DATASET CONTENT »

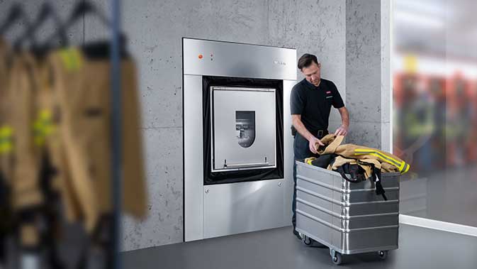 Hazardous substances to which fire-fighters are exposed via their protective clothing can seriously affect health. These include smoke, diesel fumes and asbestos, which is provably carcinogenic, as well as toxic chemical residues. Help is now at hand in the form of barrier washing machines with two doors, allowing loading and uploading in separate rooms and preventing any redeposition of soil on textiles. Miele now offers three models in different sizes – particularly designed to rise to the challenges of fire brigades and rescue services.
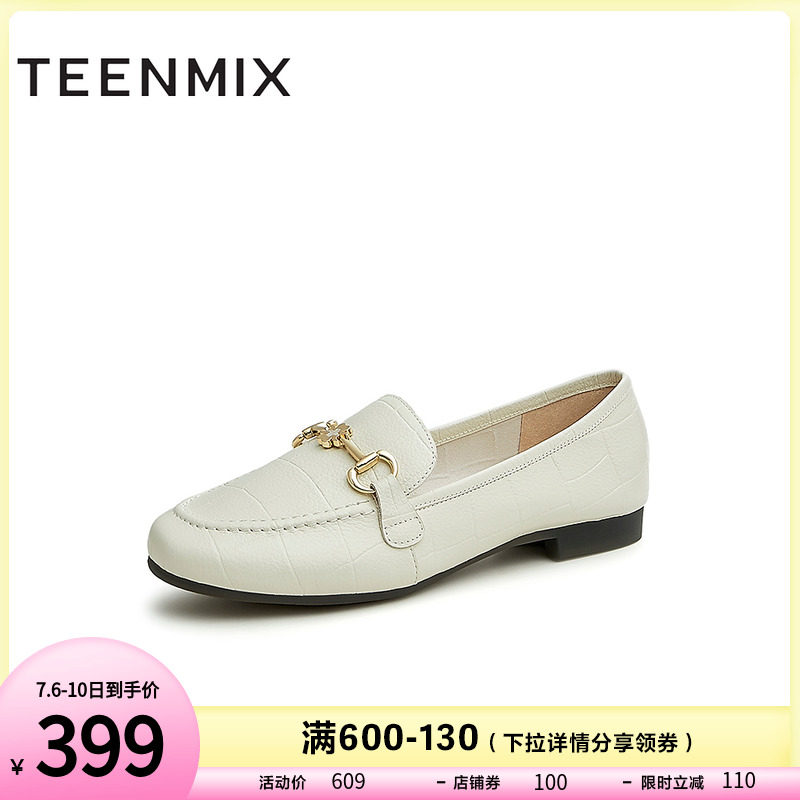 券 100元销量500天美意英伦乐福鞋复古单鞋平底小皮鞋一脚蹬女鞋2023春新AG016AM3
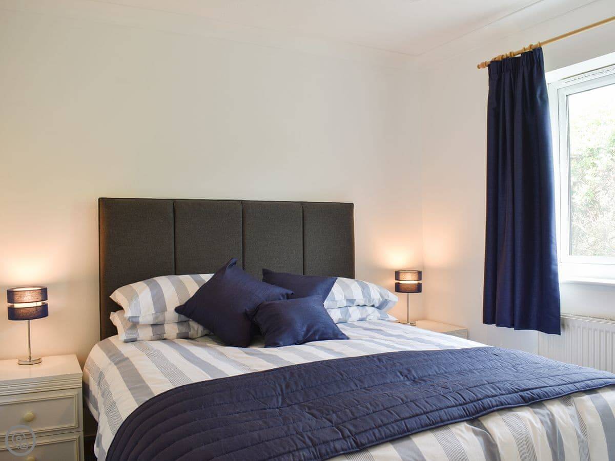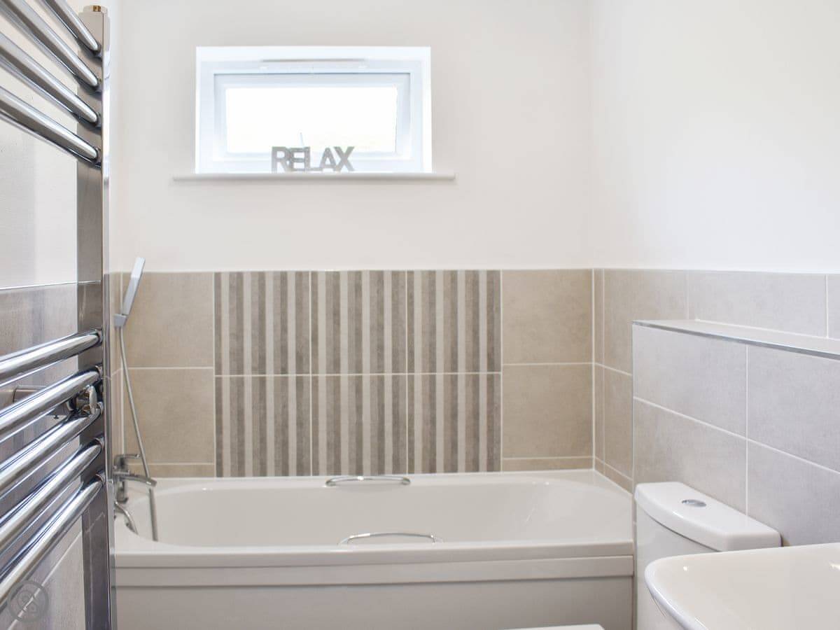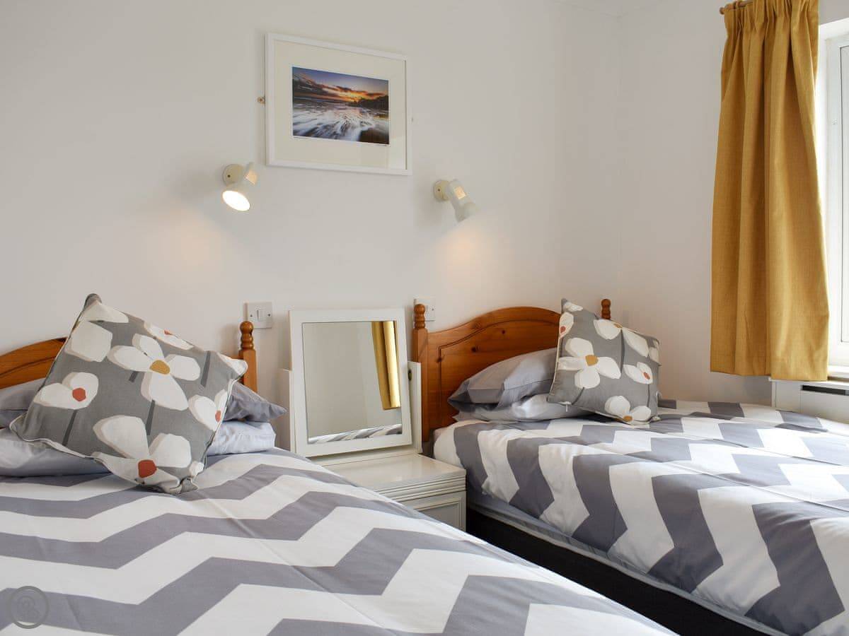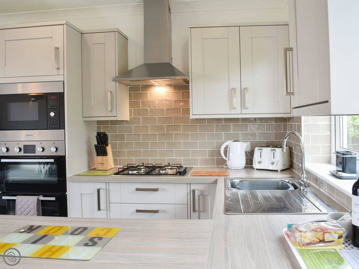 It sleeps six people. Three bedrooms, two bathrooms. Everything is on the ground floor, so it's all flat inside. It's got a 4 Star rating. The doors are wide enough for a wheelchair and there's a walk-in shower. It's clean and modern.

WHAT IS BEING ASKED »
With pictures excluded, the material is to be written out exactly as given.

RESULT BELOW »
 Hazardous substances to which fire-fighters are exposed via their protective clothing can seriously affect health. These include smoke, diesel fumes and asbestos, which is provably carcinogenic, as well as toxic chemical residues. Help is now at hand in the form of barrier washing machines with two doors, allowing loading and uploading in separate rooms and preventing any redeposition of soil on textiles. Miele now offers three models in different sizes – particularly designed to rise to the challenges of fire brigades and rescue services.
 券 100元销量500天美意英伦乐福鞋复古单鞋平底小皮鞋一脚蹬女鞋2023春新AG016AM3
 It sleeps six people. Three bedrooms, two bathrooms. Everything is on the ground floor, so it's all flat inside. It's got a 4 Star rating. The doors are wide enough for a wheelchair and there's a walk-in shower. It's clean and modern.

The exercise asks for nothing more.